«Крепкая старуха! — подумалось Парамоше в то время как сама Олимпиада шустрила на дворе у летнего таганка, распространяя вокруг избы грибной дух, приправленный запахом лука, укропа, молодой картошки. — Из породы двужильных бабушка. А все почему? На чистом воздухе потому что. Постоянно в лесу. А лес — кислородная фабрика. И никаких тебе стрессов городских. И телом худая. Без архитектурных излишеств. Вся будто резная. Из карельской березы. А тут ты — и мужик, вроде молодой еще, и на званных обжорных обедах не часто присутствуешь, а тело твое так и трясется, так и колышется, будто водой разбавленное. И «морда лица» отвратная, расплывчатая. Хорошо еще — бородой прикрыта.

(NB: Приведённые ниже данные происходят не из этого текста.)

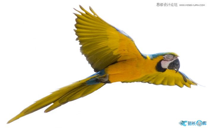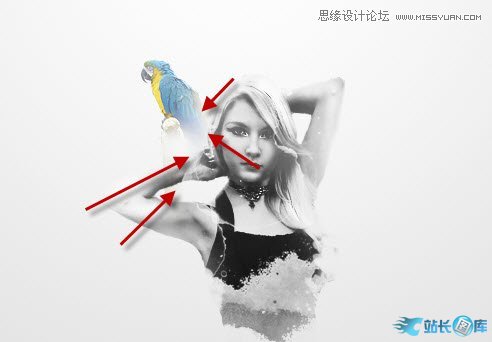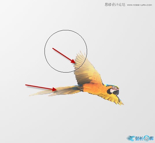 14、用软橡皮擦(用40%的流量和不透明度)擦掉鹦鹉图示的部分并增加一些光效。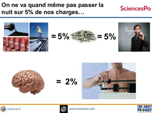Si je vous le dis autrement, le chiffre d'affaire des acteurs énergétiques dans le PIB mondial, c'est quelques pourcents du PIB. D'accord? La valeur du pétrole qu'on achète tous les ans, par exemple, sur les marchés c'est 3% du PIB mondial. D'accord? Donc si je regarde ce que vaut l'énergie en termes de facture c'est quelques pourcents de nos dépenses et à ce moment homo-économicus-rationalus va se dire si c'est quelques pourcents de mes dépenses je vais y passer quelques pourcents du temps fermer le banc le reste du temps je m'occupe de choses sérieuses. Et c'est très exactement comme ça que raisonnent la quasi-totalité du monde, des décideurs, économiques, politiques et des hauts fonctionnaires. C'est une facture, quelques pourcents de ce qu'on dépense, on s'en occupe quelques pourcents du temps, etc. Alors malheureusement ce raisonnement est à peu près aussi pertinent que si je vous dis votre cervelle c'est 2% de votre poids, et soit dit en passant chez les hommes la testostérone c'est beaucoup moins que 2% du poids, donc vous pouvez vous en occuper 2% du temps et puis le reste du temps ce n'est pas la peine. D'accord? Il est absolument évident que si je vous enlève la moitié de votre cervelle vous allez avoir quelques petits problèmes dans la vie.

За вкусной едой Парамоша забылся, взгляд его на стороженный — понежнел, размяк, однако врожденных качеств художник не растерял, неизвестно где приобретенной брезгливости — не утратил: он, еще недавно употреблявший на своих чердаках или в подвалах «собачий» студень, беря его грязными руками с промасленной газеты, он, еще на днях хлебавший бормотушку из неополоснутой банки кз-под кабачковой икры, — здесь, в Подлиповке, за вдовьим крестьянским столом непроизвольно, с потайным отвращением посматривал на потемневшие, щербатые кружки грубого фаянса, на взявшиеся несмываемой чернотой алюминиевые ложки и миски, на закоптелый, в опушке пепла чайник, на якобы гнусный, завиток козьей шерсти, плавающий в молоке, на хлебную крошку в квасе, приготовленном Олимпиадой специально для Парамоши из черных корочек, с хренком.
«К Евгении Марковне такой сервис… — размышлял Парамоша. — И все же лучше оное, нежели бутылки у Черемисова сдавать», — успокоил он ретивое, и развязно, сытым бодрячком улыбнулся, разыскивая в морщинах Олимпиадиного лица василечки глаз.
— Спасибо, бабушка! Вкуснятина неимоверная. Таких грибов даже в детстве у папы с мамой не едал.
Прозвучало искренне. Несмотря на отсутствие в Парамошином детстве папы.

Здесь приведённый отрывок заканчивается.